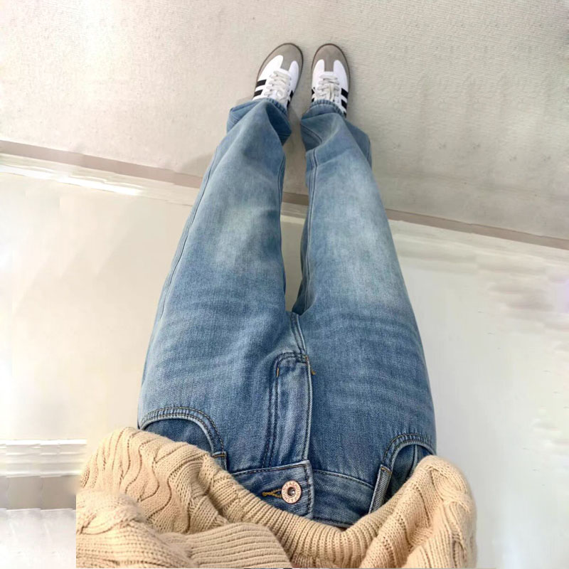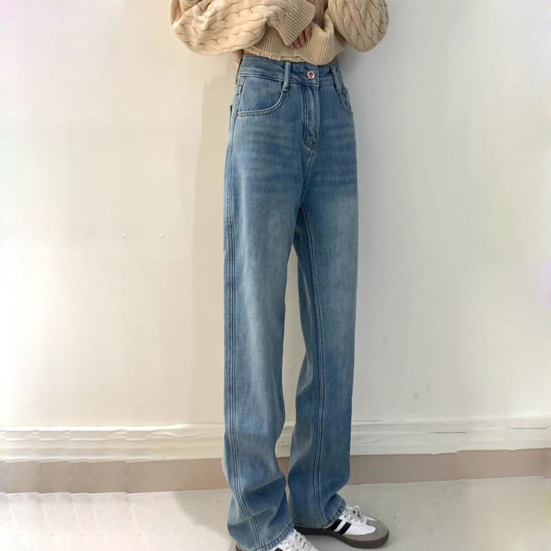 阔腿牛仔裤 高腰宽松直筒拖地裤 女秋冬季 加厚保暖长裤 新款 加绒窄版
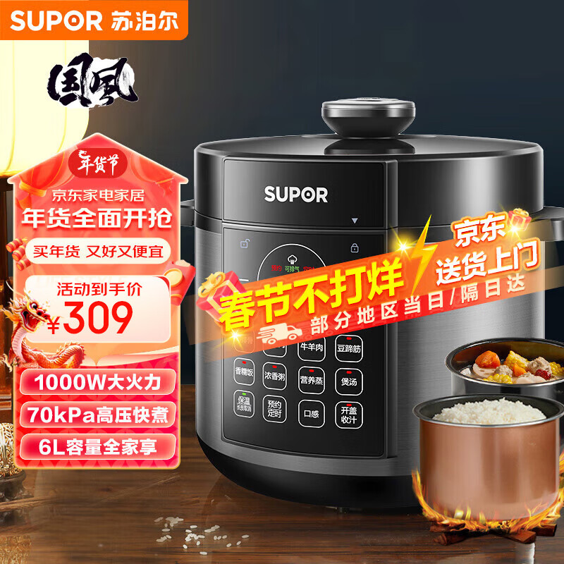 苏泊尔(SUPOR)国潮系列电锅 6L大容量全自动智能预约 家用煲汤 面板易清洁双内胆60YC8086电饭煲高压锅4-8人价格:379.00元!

----------

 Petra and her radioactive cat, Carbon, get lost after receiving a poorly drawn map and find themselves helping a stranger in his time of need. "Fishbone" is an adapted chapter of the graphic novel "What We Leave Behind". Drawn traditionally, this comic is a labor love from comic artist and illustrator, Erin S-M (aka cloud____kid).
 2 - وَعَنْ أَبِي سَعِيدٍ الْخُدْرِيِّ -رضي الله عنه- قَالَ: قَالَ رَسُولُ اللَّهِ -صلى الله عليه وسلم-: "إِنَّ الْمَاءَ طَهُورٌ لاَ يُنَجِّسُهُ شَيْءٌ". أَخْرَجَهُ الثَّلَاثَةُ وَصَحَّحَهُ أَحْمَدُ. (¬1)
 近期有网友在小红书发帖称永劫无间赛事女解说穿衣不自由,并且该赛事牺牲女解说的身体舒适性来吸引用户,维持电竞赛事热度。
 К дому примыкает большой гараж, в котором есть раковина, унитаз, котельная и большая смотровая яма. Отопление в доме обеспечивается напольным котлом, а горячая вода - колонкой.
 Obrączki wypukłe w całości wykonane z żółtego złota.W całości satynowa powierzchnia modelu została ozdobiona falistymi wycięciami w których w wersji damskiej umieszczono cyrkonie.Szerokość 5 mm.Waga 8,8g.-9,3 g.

----------

» **Work task**:
Reproduce the records above exactly, but only from the line with "阔腿牛仔裤 高腰宽松直筒拖地裤 女秋冬季 加厚保暖长裤 新款 加绒窄版" up to and including the line with "苏泊尔(SUPOR)国潮系列电锅 6L大容量全自动智能预约 家用煲汤". Leave the pictures out.

» **Output of the exercise**:
 阔腿牛仔裤 高腰宽松直筒拖地裤 女秋冬季 加厚保暖长裤 新款 加绒窄版
 苏泊尔(SUPOR)国潮系列电锅 6L大容量全自动智能预约 家用煲汤 面板易清洁双内胆60YC8086电饭煲高压锅4-8人价格:379.00元!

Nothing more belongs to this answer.